La République démocratique du Congo fait face à l’une des plus graves épidémies de choléra de la dernière décennie. En seulement neuf mois, le ministère de la Santé a recensé plus de 58 000 cas et 1 700 décès, portant le taux de létalité à plus de 3 %.
Cette flambée sans précédent met en lumière la fragilité du système sanitaire congolais et appelle à une réaction rapide et coordonnée. Le choléra s’est désormais propagé dans 20 des 26 provinces du pays, atteignant même des zones jusque-là épargnées. Les causes de cette recrudescence sont multiples : inondations récurrentes, déplacements massifs de populations, conditions d’hygiène précaires, manque d’accès à l’eau potable et insuffisance des infrastructures d’assainissement.
Avec l’arrivée de la saison des pluies, les experts redoutent une aggravation de la situation, notamment dans les zones urbaines densément peuplées comme Kinshasa, ou dans les régions rurales où vivent de nombreux déplacés.
Le dispositif de riposte reste entravé par plusieurs facteurs : financement insuffisant, coordination fragile entre les acteurs humanitaires, pénurie de personnel médical et manque de matériel et de vaccins.
Ces carences freinent considérablement la détection rapide des cas et la mise en œuvre d’une réponse efficace et durable.
L’action renforcée de Médecins Sans Frontières
Depuis janvier 2025, Médecins Sans Frontières (MSF) a multiplié ses interventions pour soutenir les autorités sanitaires. Les équipes ont mené 16 opérations d’urgence dans plusieurs provinces, notamment au Nord-Kivu, à Fizi (Sud-Kivu) et à Kongakonga (Tshopo).
Grâce à ces efforts, plus de 35 800 patients ont été soignés et 22 000 personnes vaccinées contre la maladie.
« À ce stade critique, seule une mobilisation générale permettra de freiner l’expansion alarmante des foyers épidémiques », alerte le Dr Jean Gilbert Ndong, coordinateur médical de MSF en RDC.
MSF soutient également le ministère de la Santé dans la prise en charge médicale, la formation d’agents de santé communautaires, la mise en place de points de chloration et le renforcement de l’approvisionnement en eau et des infrastructures d’assainissement.
Des défis sécuritaires et logistiques persistants
Malgré ces efforts, les équipes font face à des obstacles majeurs.
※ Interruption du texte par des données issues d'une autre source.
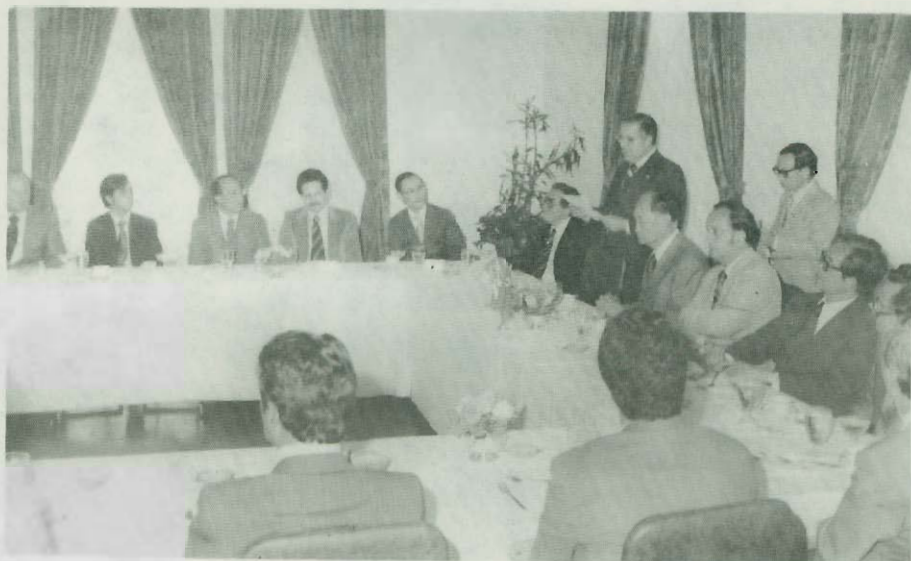
Recepción a la Misión de China por parte de OFIPLAN en el Hotel Costa Rica 4 de junio de 1979.
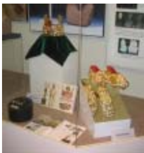
高島町 鴨稻荷山古墳からの出土品 密接な朝鮮半島との関係

しかし、この地で実際に鉄精錬が行われたという製鉄炉の出土などの直接証拠は8世紀以降であり、確認はとれていない。
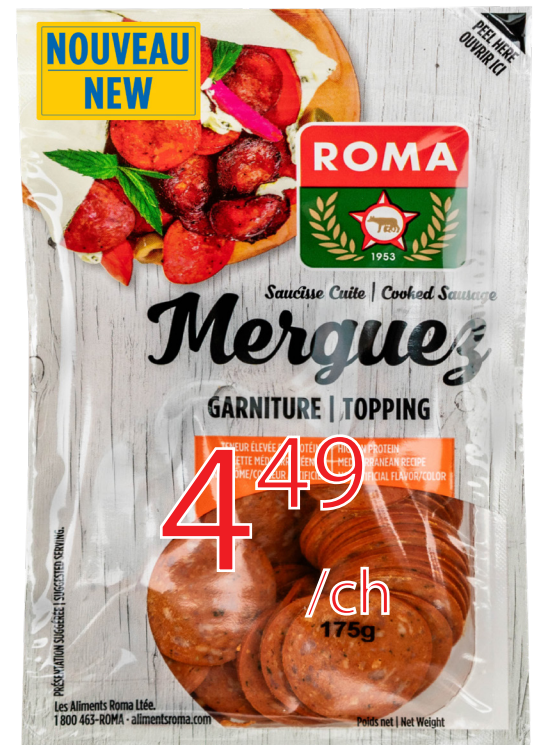
Nouveau Saucisse cuite merguez 175g
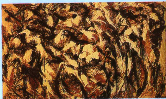
彩图六 《极地猛冲》，克瑞森尔(L.Krasner[美]1911~1984) (释文见正文 299 页)
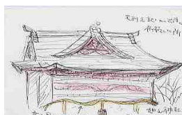
龍のしめ縄が印象的な旭山神社

説明の合間にちょっと目をそらして見ると、思わぬ発見もあり、私は素描スケッチをして自分なりに「西国街道」を堪能(かんのう)した一日でした。
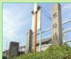
元町のささやき橋

出演 中須町さんさんサロン中之町の皆さんと 府中市社会福祉協議会音楽療法士の皆さん
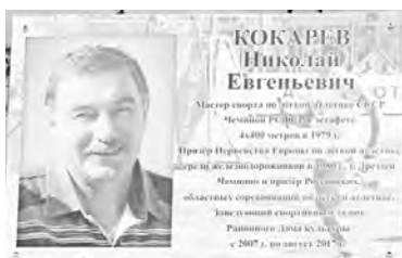
Пример, достойный для подражания

внесли друзья и семья спортсмена, сотрудники фотостудии «Спектр» разработали дизайн доски и заказали ее в Екатеринбурге.
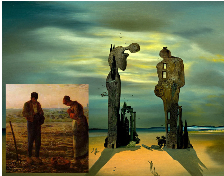
Deux angelus dans le temps : Millet et Dalí

ting», «la nourriture du peuple» était «sa sollicitude.» Il bataillera pour imposer cette culture nouvelle de la pomme de terre à force de... publications. Le développement agricole et la vulgarisation avant l'heure. Idem pour le Saintais Bernard Palissy, qui publia maints traités sur les engrais : «si la terre était cultivée comme elle devait l'être, elle produirait deux fois plus.» Des premiers écolos s'insurgeant contre une mau-
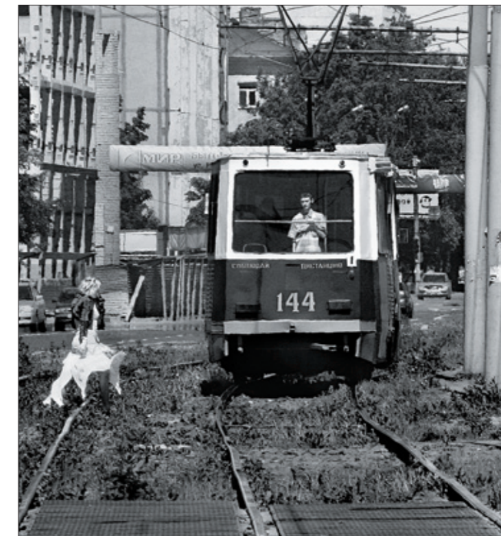
Фото 12. Светлана Афанасьева
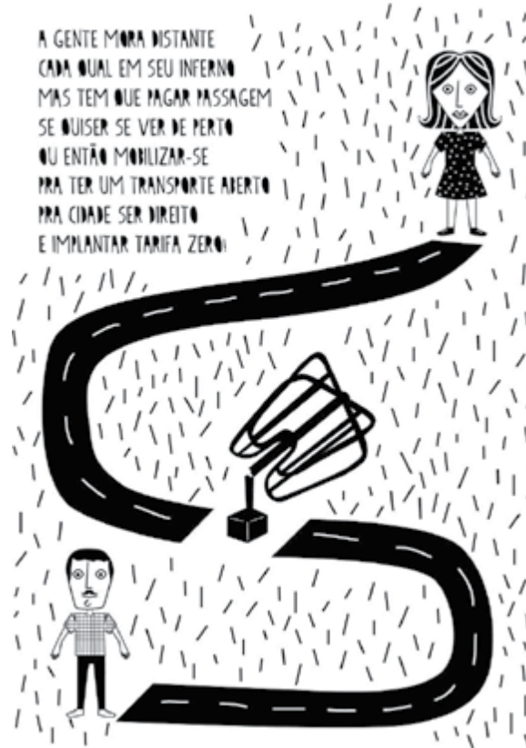
Figura 5 - Poema

seguinte poema acompanhado de uma imagem, adotado na 5ª Edição do jornal Passe, é expressão explícita da representação que compreende o transporte como determinante da sociedade:
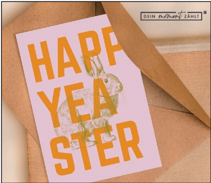
Karten // Hangtags // Osterkörbchen // Geschenktüten // Aufkleber
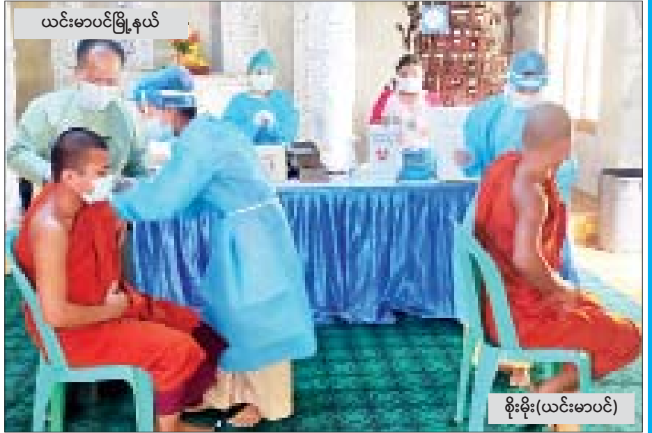
ယင်းမာပင်မြို့နယ်
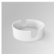
Cód. producto: K11SUADLATWH
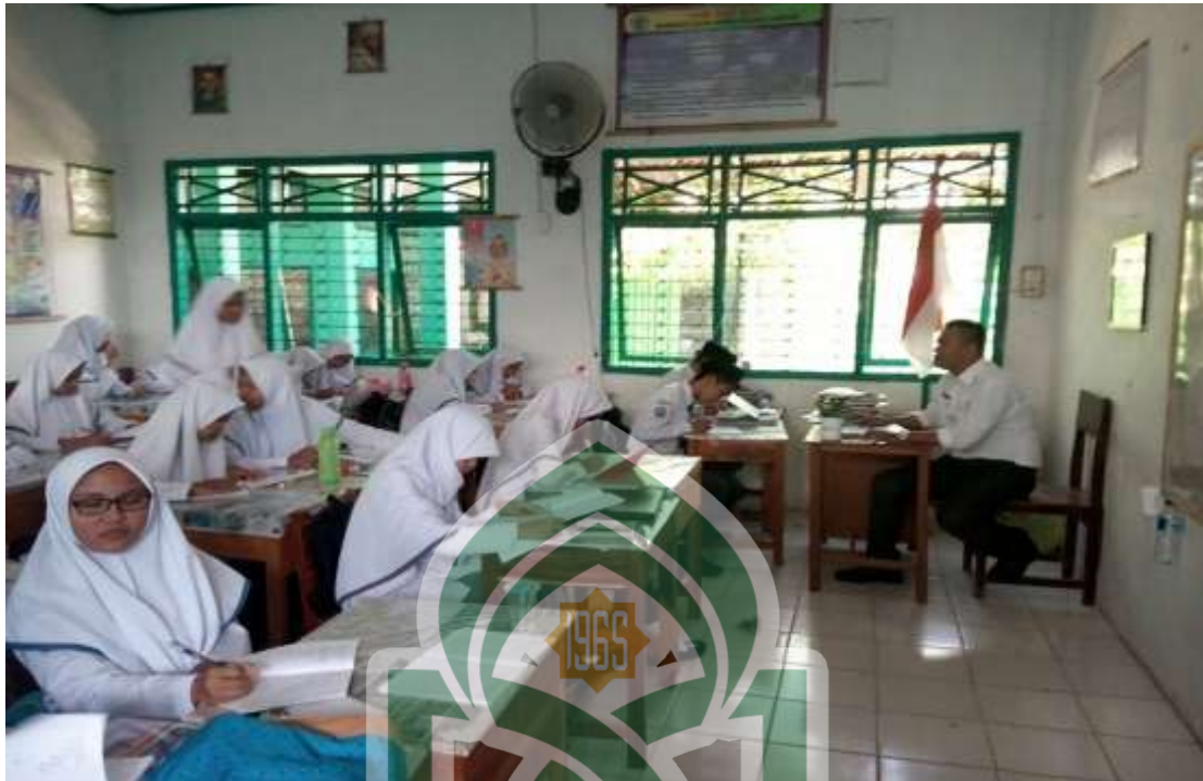
Proses belajar mengajar

« L’insécurité persistante, marquée par les affrontements entre groupes armés le long des axes principaux, entrave les déplacements et retarde la livraison de l’aide », déplore Ton Berg, cheffe des programmes de MSF au Sud-Kivu.
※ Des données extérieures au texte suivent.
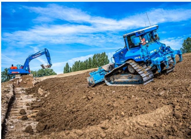
Klei aanbrengen aan de rivierzijde van de dijk bij Park Tergouw

Hoewel de damwanden aan de binnenkant van de dijk erin zitten, is daar nog wel werk aan de winkel. Daar moeten nog een deel van de verankering en de kleibekleding worden aangebracht. Tussen de Dorpsstraat en Oude Groenestraat zit nog voor de kerst de fundering van het nieuwe wegdek erin en ligt het asfalt erop.
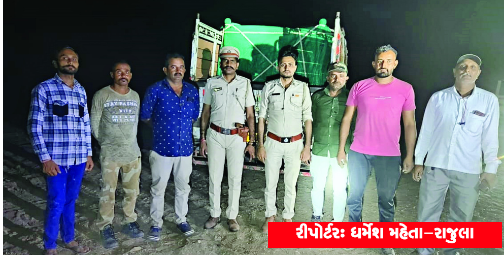
રીપોર્ટર: ધર્મેશ મહેતા-રાજુલા

રાજુલા, તા. ૧૪: રાજુલા વનવિભાગે મોટી ખેરાળી ગામ નજીક નેસડા વિસ્તારમાં એક ઈજાગ્રસ્ત સિંહનું રેસ્ક્યુ કરી સારવાર માટે ખસેડવામા આવ્યો હતો. દેશની શાન સમા એશિયાન્ટીક સિંહો એકમાત્ર ગુજરાતમાં જોવા મળી રહ્યા છે. ત્યારે સિંહો માટે વનવિભાગ હંમેશા ખડેપગે રહેતું આવ્યું છે. શેત્રુંજી કિવિઝનના રાજુલા રેન્જના મોટી ખેરાળી ગામે એક ઈજાગ્રસ્ત સિંહની જાણ વનવિભાગને થતાં ગઈકાલે મોડીરાતે વનવિભાગ દ્વારા સિંહને બચાવવા માટે રેસ્ક્યુ ઓપરેશન હાથ ધરવામાં આવ્યું હતું. અને જવલ્લે જ જોવા મળતી ઘટના
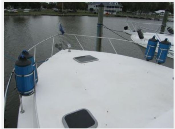
33' Rinker 3300 Fiesta Vee PORT side bow area

Les conditions logistiques compliquent encore l’accès aux patients, forçant les équipes à emprunter de longs détours pour éviter les zones à risque.
Un appel à l’action collective
Pour de nombreuses communautés, l’accès aux soins demeure un parcours du combattant : routes dangereuses, manque de transport, structures de santé sous-équipées et absence de médicaments essentiels.
Face à cette réalité, MSF exhorte à une action coordonnée et urgente afin d’assurer l’accès rapide aux soins, la distribution de vaccins et un investissement durable dans l’eau et l’assainissement.
« Sans un engagement fort des autorités et des partenaires internationaux, le choléra continuera de ravager les communautés les plus vulnérables », conclut Ton Berg.